With a lack of financial support for freelancers, Baskerville says she might have to start looking for work that’s not necessarily within the writing industry. “These non-creative jobs are not always work I love or enjoy. I worry that at the end of the current contract I have with a client, I’ll have to look for work so far outside my skillset that it might be a step down in experience and salary.”

Baskerville adds that when this happens to creatives, we lose so much: “Without creative voices from all walks of life and experiences adding to the creative conversation, we lose political voices, activists, commentators and the ability to find real social mobility and a more equitable future.”

As it is, the creative industry is inaccessible for low socio-economic groups, with working-class representation in the arts at poor levels.



According to the Creative Industries Policy & Evidence Centre, only 5% of those from working-class backgrounds based outside of London and the South East work in a creative role, compared to 15% of those from privileged backgrounds living in these regions.
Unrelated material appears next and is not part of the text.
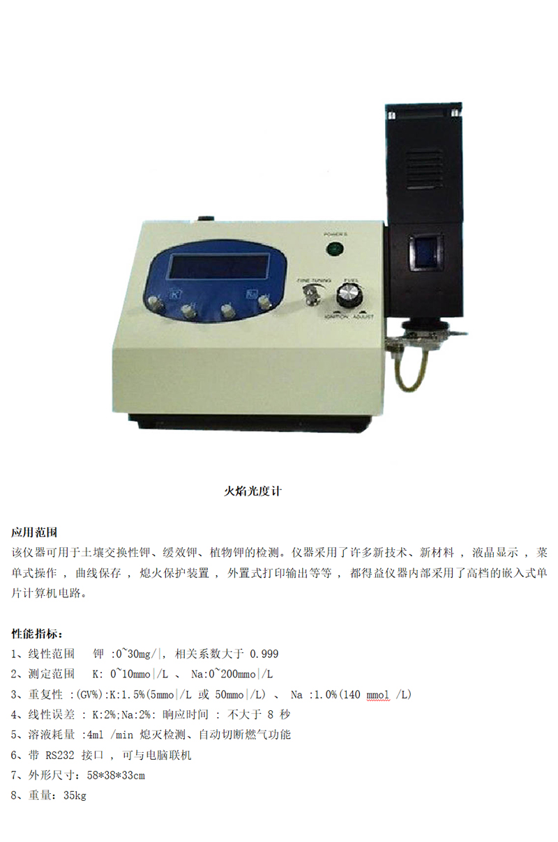 ·火焰光度计是以发射光谱为基本原理的一种分析仪器 ·包括气体和火焰燃烧部分,光学部分,光电转换器及检测记录部分 ·利用火焰的热能使某元素的原子激发发光,并用仪器检测其光谱能量的强弱,进而判断物质中某元素含量的高低 ·LCD液晶屏显示,直观清晰 ·一键自动点火 ·带有火焰大小预先选定功能 ·熄火检测与自动切断燃气功能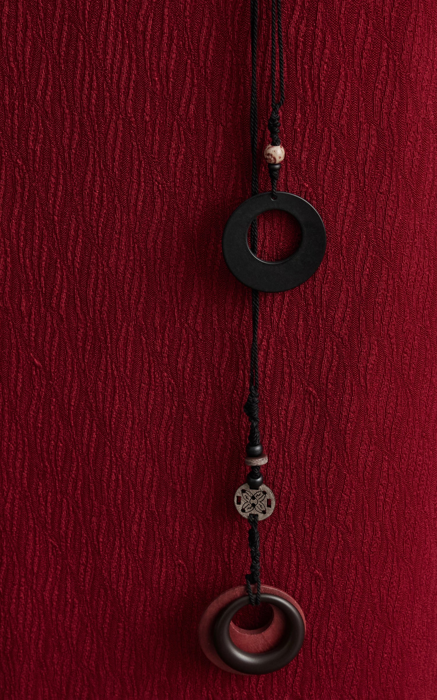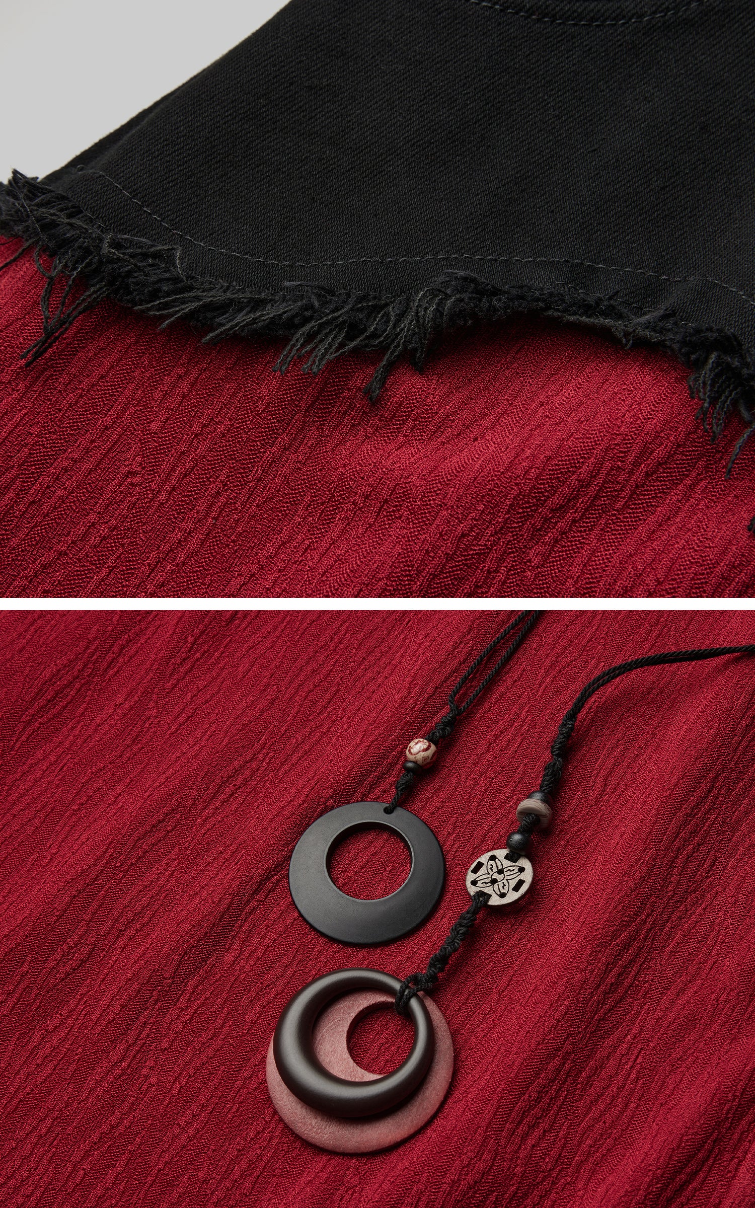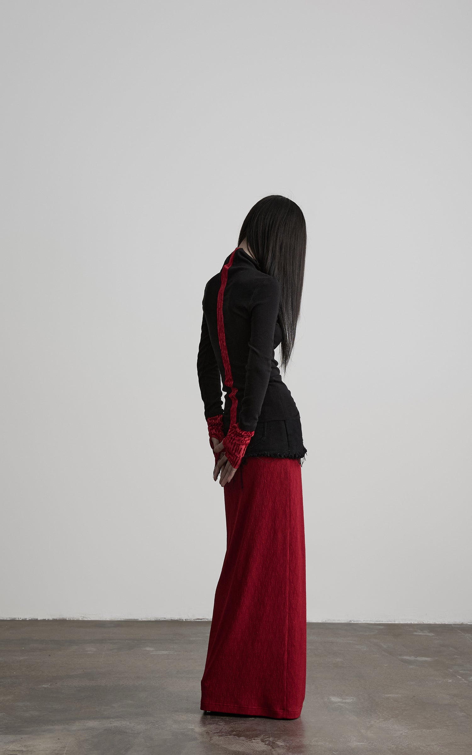 This maxi skirt is defined by an asymmetric construction and elongated silhouette, featuring textured fabric panels that create subtle depth and movement, while raw-edge transitions at the waist introduce a sense of deliberate disruption, finished with hanging fringe and ring accents that sway with motion, forming a restrained yet expressive piece rooted in avant-garde tailoring.

The research also showed that privileged men are more than three times more likely to be working in a creative occupation than working-class women; and that disabled people from a working class background are 2.7 times less likely to find a creative role than their counterparts.

The research shows that the class crisis is signifiant and that 263,000 additional working-class people would need to be employed in creative industries to make it as socio-economically diverse as the rest of the economy. This deficit, researchers say, is equivalent to the size of the creative workforce in Scotland, Wales and Northern Ireland combined.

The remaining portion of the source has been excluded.